What the task asks.
Copy out exactly the lines beginning with the one that contains "应用端反馈一个涉及功能菜单渲染的基础SQL查询时间超过7秒,原因是where x in" and ending at the last line of the listing, skipping any pictures.

Data.

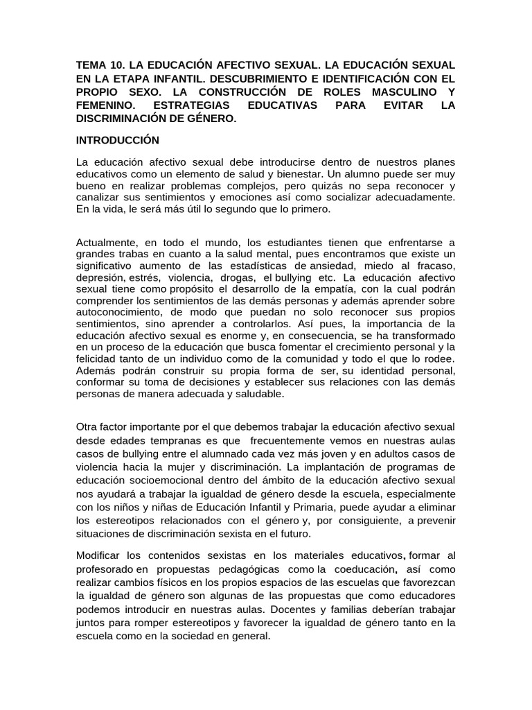 Tema 10 Educación Afectivo Sexual | PDF | Familia | La sexualidad humana
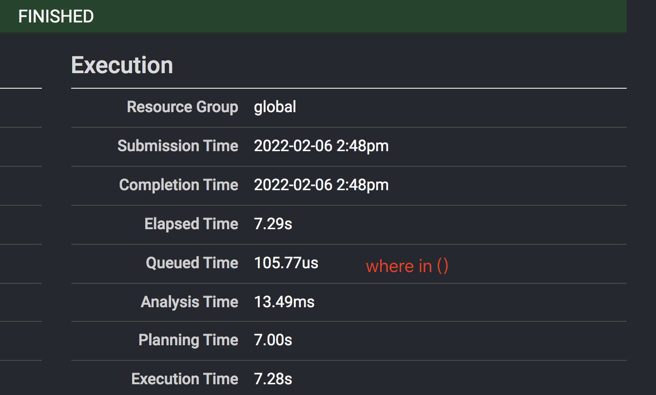 应用端反馈一个涉及功能菜单渲染的基础SQL查询时间超过7秒,原因是where x in (上千个的元素),通过Presto观察,发现这个SQL的查询的时间90%花在了执行计划的解析上,真正查询时间反而很快。通过删减 where in 中的元素,发现SQL就快了很多,也证实了,问题的根本原因在in 元素集合过多
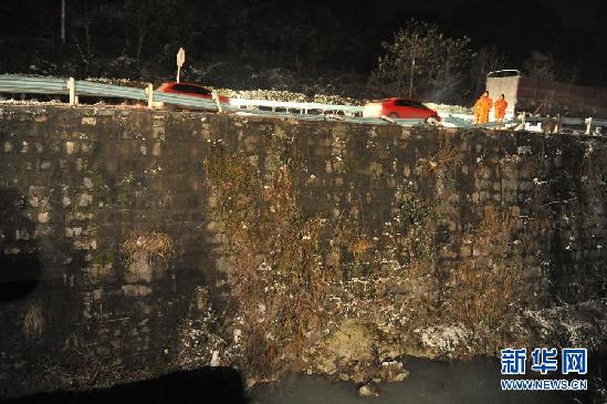 1月5日,救援人員查看翻車事故現(xiàn)場。蘭海高速貴州境內(nèi)貴定縣到福泉市路段4日18時30分左右發(fā)生一起大客車翻車事故,至4日22時,現(xiàn)場救援工作基本結(jié)束,事故已造成16人死亡。(新華社記者 劉續(xù) 攝)
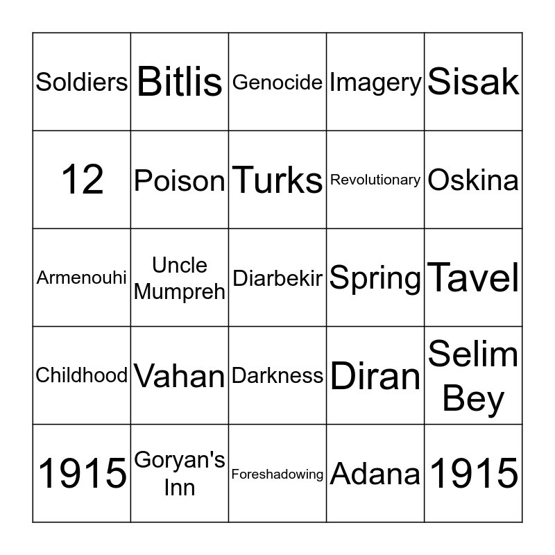 This bingo card has a free space and 24 words: Vahan, Goryan's Inn, Turks, 1915, Sisak, Soldiers, 12, Bitlis, Spring, Darkness, Revolutionary, Armenouhi, Diran, Selim Bey, Poison, Adana, Tavel, Genocide, Oskina, Uncle Mumpreh, 1915, Childhood, Imagery and Foreshadowing.

Response to this exercise.
 应用端反馈一个涉及功能菜单渲染的基础SQL查询时间超过7秒,原因是where x in (上千个的元素),通过Presto观察,发现这个SQL的查询的时间90%花在了执行计划的解析上,真正查询时间反而很快。通过删减 where in 中的元素,发现SQL就快了很多,也证实了,问题的根本原因在in 元素集合过多
 1月5日,救援人員查看翻車事故現(xiàn)場。蘭海高速貴州境內(nèi)貴定縣到福泉市路段4日18時30分左右發(fā)生一起大客車翻車事故,至4日22時,現(xiàn)場救援工作基本結(jié)束,事故已造成16人死亡。(新華社記者 劉續(xù) 攝)
 This bingo card has a free space and 24 words: Vahan, Goryan's Inn, Turks, 1915, Sisak, Soldiers, 12, Bitlis, Spring, Darkness, Revolutionary, Armenouhi, Diran, Selim Bey, Poison, Adana, Tavel, Genocide, Oskina, Uncle Mumpreh, 1915, Childhood, Imagery and Foreshadowing.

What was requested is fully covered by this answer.